FAQs
What is the main focus of Neotalent Conclusion?
Neotalent Conclusion specializes in providing Information Technology and Engineering services, focusing on increasing the technological capacity of clients and the digital transformation of their application ecosystems.
What type of projects will the Data Scientist be working on?
The Data Scientist will be involved in international projects in the telecommunications sector.
What are the main tasks associated with the Data Scientist position?
The main tasks include solving business problems with data, working cross-functionally to define problem statements, building analytical models, leading the development of optimization models, and communicating recommendations to support decision-making.
What tech skills are required for this role?
Candidates should have 3+ years of scripting experience with Python or Pyspark, familiarity with data manipulation and visualization packages, professional experience with Java, Scala, or Spark, and a good level of communication in English.
Is prior experience necessary to apply for this position?
Yes, candidates should have at least 3 years of experience as a Data Scientist or in a closely related role.
What are the benefits of joining Neotalent Conclusion?
Benefits include working on challenging projects, learning about emerging technologies, the option to work remotely, designing a career plan, accessing continuous training and certifications, and opportunities for internal mobility.
How can I apply for this Data Scientist position?
To apply, please send your CV to the provided email address with the subject line "MVT_DST".

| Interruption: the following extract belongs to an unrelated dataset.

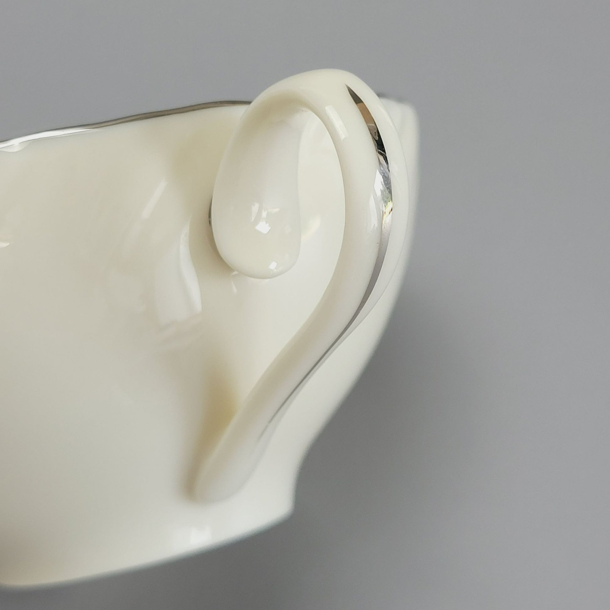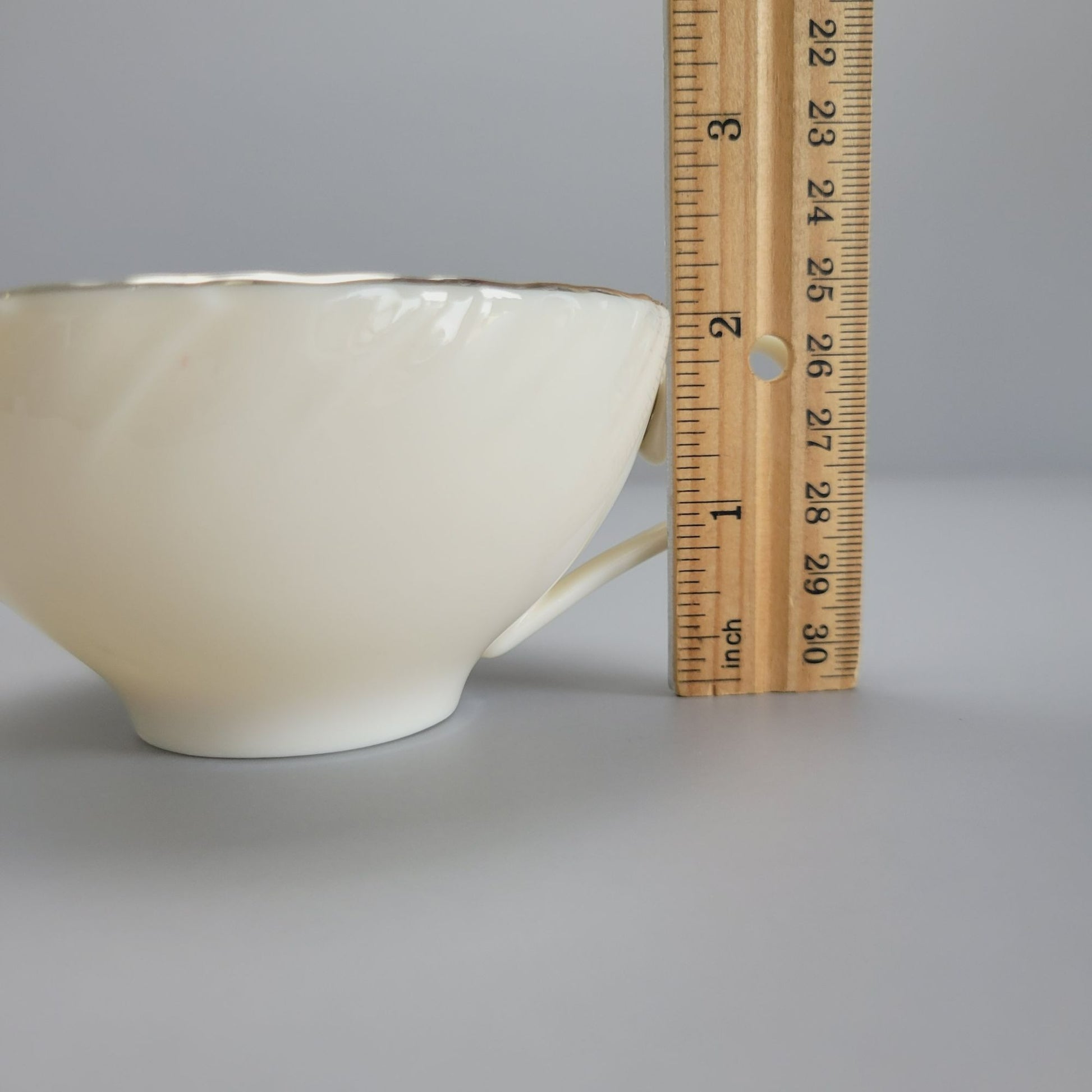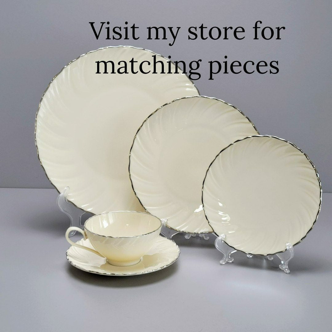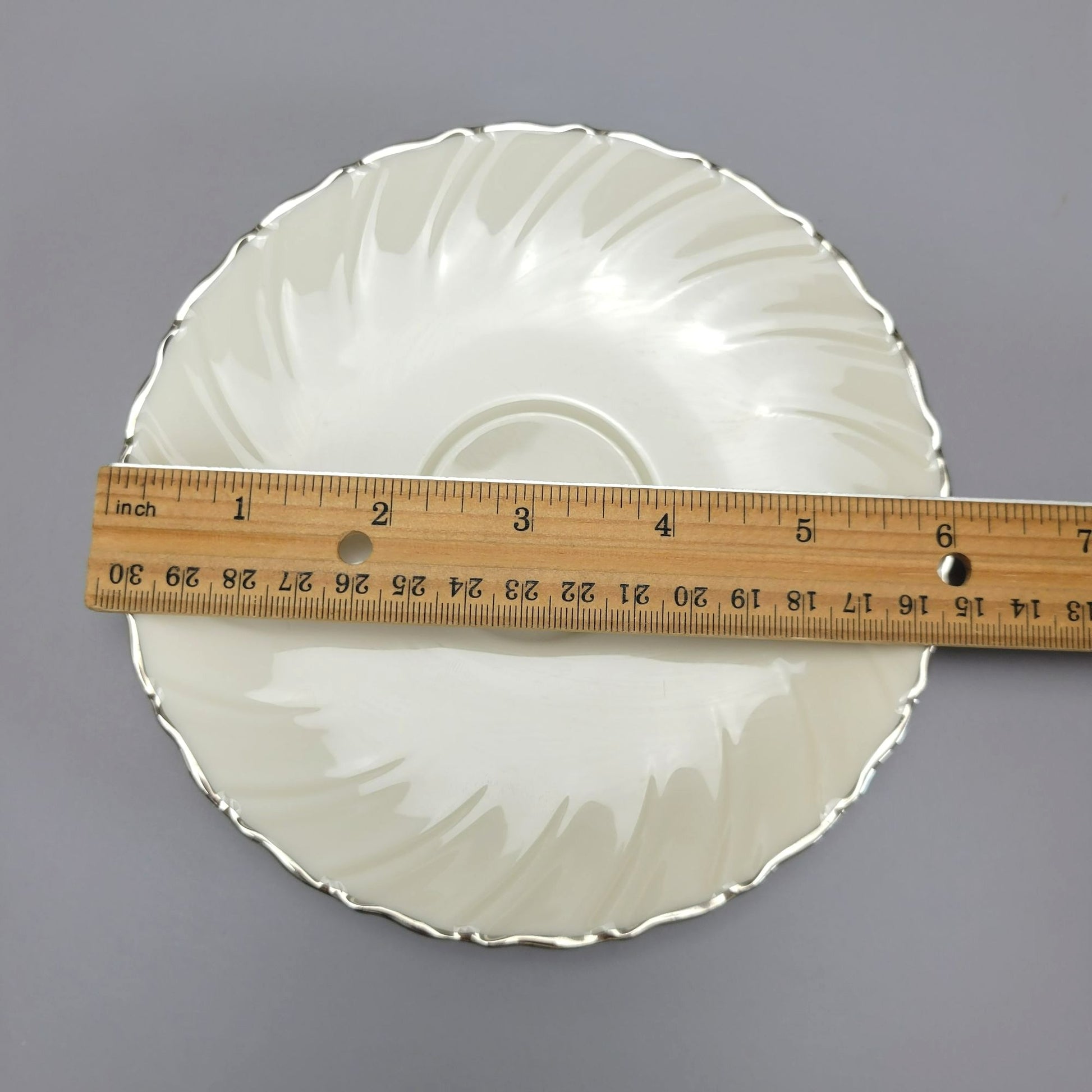 Vintage Lenox Weatherly Teacup & Saucer, Swirled Edge & Platinum Trim, c.1959-86 USA

Where is Neotalent Conclusion located?
Neotalent Conclusion has a presence in key locations including Lisbon, Porto, and Madrid.
What type of company is Neotalent Conclusion associated with?
Neotalent Conclusion is part of the Netherlands-based organization Conclusion, which has an ecosystem of over 25 companies and 3,600 employees.
What does MLOps refer to in this context?
MLOps refers to the best practices for deploying and maintaining machine learning models in production environments.